The pointlessness of this Labour government then is not down to Keir Starmer's lack of vision or his inscrutability ("His innermost beliefs are a mystery even to the cabinet", according to Rafael Behr), any more than it is to the inadequacies as Chancellor of the woman dismissed by her patronising critics as "Rachel from Accounts". The lack of point is the point. This is a government that was engineered by the politico-media caste to thwart the left, eject the hapless Tories before they did any more damage, and otherwise just sit tight until something turned up to give the economy a boost. Possibly AI, possibly better trade deals with the US and EU. This is a government that refuses to publicly choose between the interests of capital and labour and believes it can steer a course between the two. But each touch on the tiller simply enrages more people, now on one side, now on the other. The result is a general collapse in support. Perhaps we will all be surprised on Wednesday and the pre-budget leaks and briefings will turn out to have been a cunning diversion, but I suspect that what will see is another timid exercise that will satisfy few.

On Bluesky, you draw attention to an article by Jonathan Freedland about Brexit.
ReplyDeletehttps://www.theguardian.com/commentisfree/2025/nov/21/rachel-reeves-ignoring-cause-britain-woes-brexit-shaped-hole-roof
At the Labour Party conference in 2016, just after the referendum, Rachel Reeves said that the UK had to end European Freedom of Movement because, if it didn't, there would be rioting.

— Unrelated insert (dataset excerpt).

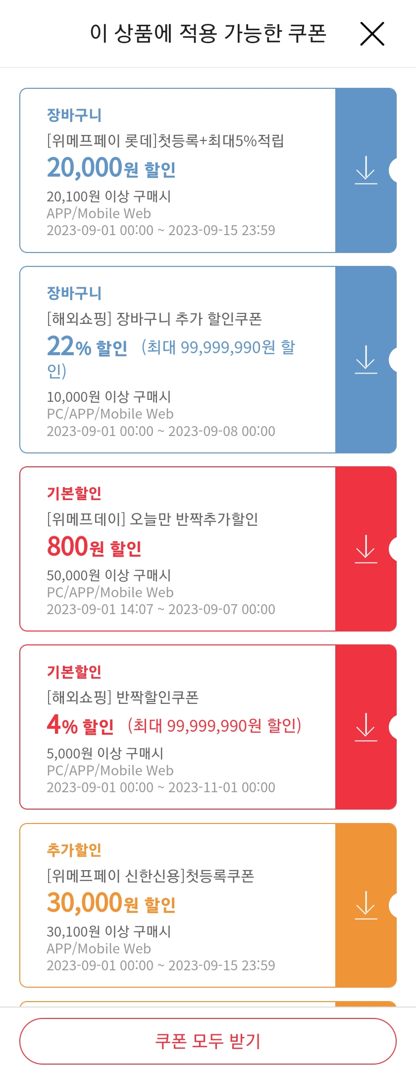 쿠폰 몽땅 다 다운로드하면 웬만해서 5만 원대 나오는 듯.

That means that she wanted to leave the Single Market, ie she wanted a Hard Brexit. There is no mystery why the government doesn't talk about Brexit: it is made up of people who wanted to end FoM 10 years ago - ie they were Hard Brexiteers. The outlier was the run-up to the 2019 General Election when they pretended to want a 2nd referendum nut it should be clear by now that that was just lying.
Freedland himself, 10 years ago, wanted the UK to stay in the EU but opt out of FoM. This was never an option. The EU was clear that it wasn't going to unbundle the four freedoms.
As you say, this is a government that refuses to publicly choose between real options. Closer relations with the EU means fighting back against the screams of horror from some sections of our press and they're not up to that. That's not why they are in politics.
The irony is that the Labour Party, since the days of Kinnock, in trying to insulate itself from the influence of members or affiliated organisations such as the unions has only succeeded in making itself more vulnerable to powerful external interests like the media, business and finance. After all, they are now only a small clique of professional politicians and hangers-on with a very shallow and unstable level of electoral support. And everyone is well aware of this.